It’s been an extremely hectic week for us (we do have jobs, you know) and the weekend isn’t going to provide any relief, as we’re running in the Detroit Marathon on Sunday. And the POLAR lawsuit hearing in federal court is on Monday and it can’t be long after that that Enbridge’s clearing crews will be here taking down our beautiful trees…
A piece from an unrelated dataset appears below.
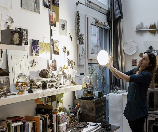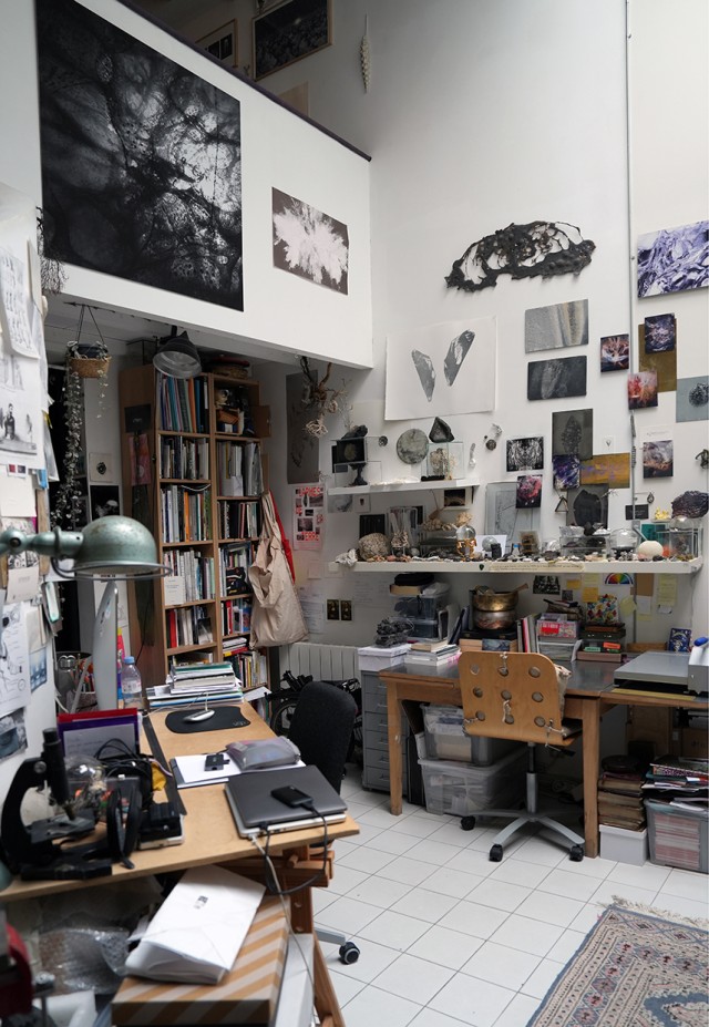 Après mon diplôme, j’ai eu la chance qu’on me propose de partager un atelier à Paris pendant plusieurs années, et j’ai pu avoir un espace pour laisser des choses en place et expérimenter. Nous étions deux, et c’était très différent de l’atelier collectif : on peut faire des pauses, demander l’avis de l’autre, échanger sur différents points. C’est également moins de solitude. C’est dans cet atelier que j’ai commencé par exemple à faire des cultures, comme celles de cristaux de sel par exemple, ce que je ne pouvais pas vraiment faire à l’école. J’ai aussi pu réaliser des œuvres qui demandaient beaucoup d’espace, car nous disposions d’un îlot central assez vaste. Ceci étant, l’espace n’a jamais été un frein pour développer des choses, parce que je travaille souvent en fonction des invitations que l’on me fait, et essentiellement par rapport à des lieux spécifiques. Ainsi, l’atelier se déplace dans le lieu lui-même.
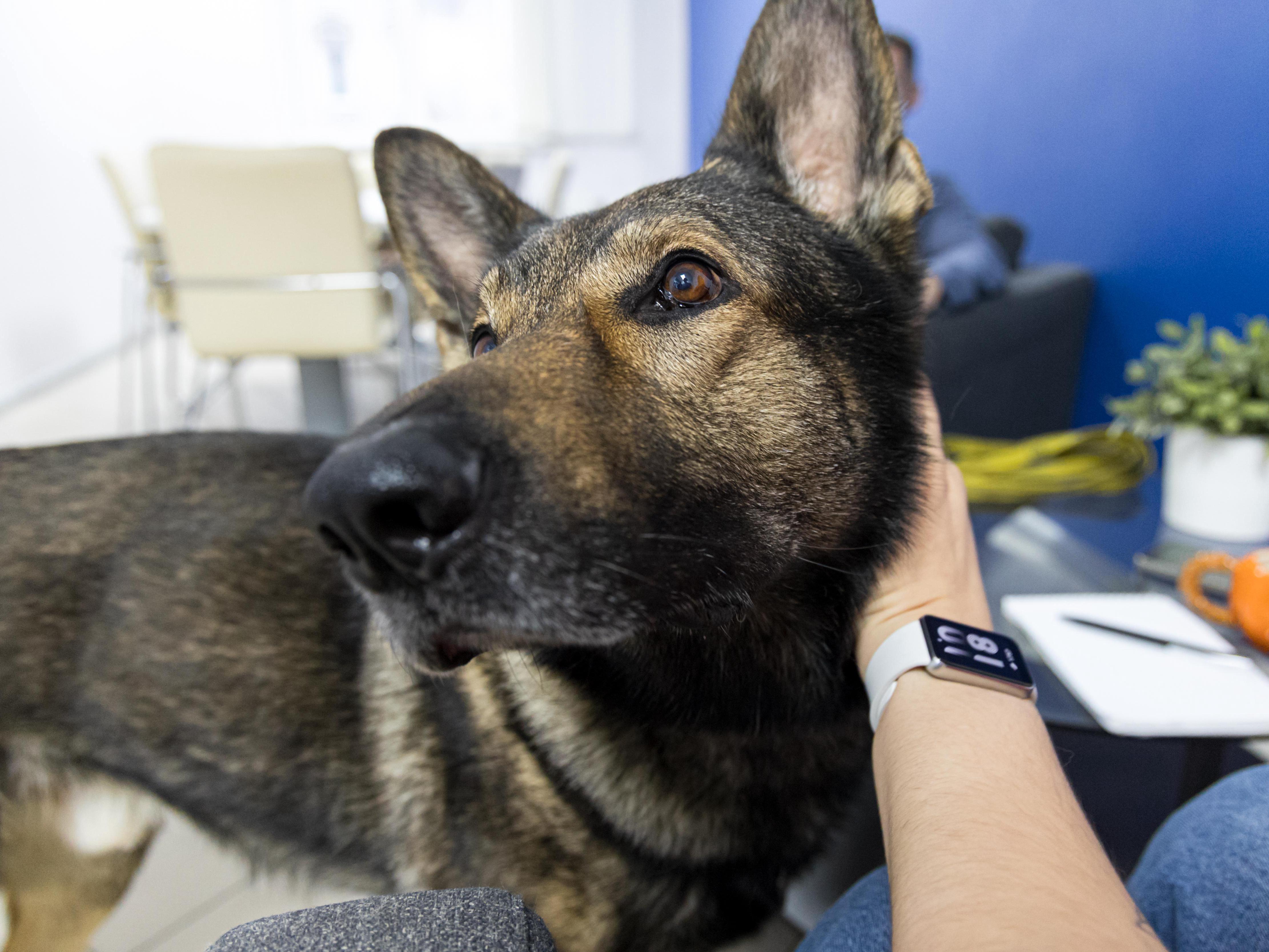 During the interview, Yermak showed us the commands «Ashamed,» «Bunny,» gave his paw to his owner, and even stirred up the editorial office with his loud bark. By the way, Yermak is not just a German shepherd, he has a rich pedigree, hence his unusual coloration.

But we’re not complaining. It’s just that all of this has prevented us from returning to some things we’ve been wanting to revisit, like our promised discussion of the importance of the MTA amicus brief filing. But then other things keep happening, like Enbridge’s “letter” printed as a paid advertisement in the Detroit Free Press on Sunday. We’ve also heard reports that the ad is running in other places– Kalamazoo, Battle Creek, Lansing, even the Wall Street Journal (why? I have no idea). The ad is also running in some northern Indiana papers, though we’re told that Enbridge couldn’t be bothered to change “Michigan” to “Indiana” when running it down there. Anyway, we’ve had plenty to say about the ad this week. And we’re very much looking forward to responding to their subsequent ads.

Speaking of Indiana, that’s what has us brooding a little today.

This week we read a fine article by Lauri Harvey Keagle and Bowdeya Tweh at nwi.com about Enbridge’s dealings with landowners in the Hoosier state (our native home!). What it described was all too familiar, including this from landowner Bill LeFever:

Worried about his expected loss of property, LaFever said he’s also concerned about liability for things like crop loss, workers injured during the construction or maintenance of the pipeline, contamination of his well water and changes to drainage that could cause flooding.

The contract he has also would absolve Enbridge of liability associated with the pipeline construction.

“All we’ve been asking for is a good agreement,” he said.

The interesting part here is the hold harmless clause LeFever was evidently asked to sign. We’ve covered this ground before and so weren’t surprised. But what made our eyes bug out was what we read next:

In a statement, Enbridge denies asking landowners to sign agreements with such language.

“We are responsible to landowners for all damages or impacts resulting from pipeline maintenance work, construction or expansion of facilities and ongoing pipeline operations,” [Enbridge spokesperson Jennifer] Smith said in a statement. Smith said the company works before, during and after construction to ensure landowners, workers and the public are kept safe.

How can Enbridge possibly deny that they ask landowners to sign agreements with such language? We’ve got an agreement with such language given to us by Enbridge sitting right in front of us as we type this. Here’s what it says:

Lessor [that’s us] and Lessee [that’s Enbridge] agree to indemnify and hold each other harmless against any and all claims, demands, and causes of action, including reasonable attorneys fees, court costs and disbursements, for or related to injury or death of person, or for or related to damage to or destruction of property, to the extent arising from the negligent acts, omissions or intentional misconduct of the other or its employees, agents, representatives, contractors, subcontractors or invitees.

There it is. That’s what Enbridge asked us (and many, many others) to sign. Surely some people did. I suspect this is exactly the language Bill LeFever was asked to sign. And yet here is Jennifer Smith saying they don’t ask landowners to sign such agreements.

Now we’ll be generous here. Perhaps it’s the case that Jennifer Smith simply isn’t aware of this. Or perhaps she does know but is simply saying things that her employer tells her to say, even though they are, quite plainly, counterfactual. (In fact we’re so stunned by this that we’ve written directly to her about it to ask for clarification; we’ll report on any response we receive.) The latter strikes us as unconscionable for both parties– although we’ve seen it before from Enbridge.

Whatever the case, we have to ask yet again: why can’t Enbridge see that this is precisely why people don’t trust them? How many examples of this sort of thing do we need to document before someone at that corporation– anyone– recognizes that they have a very real credibility problem, a problem of their very own making?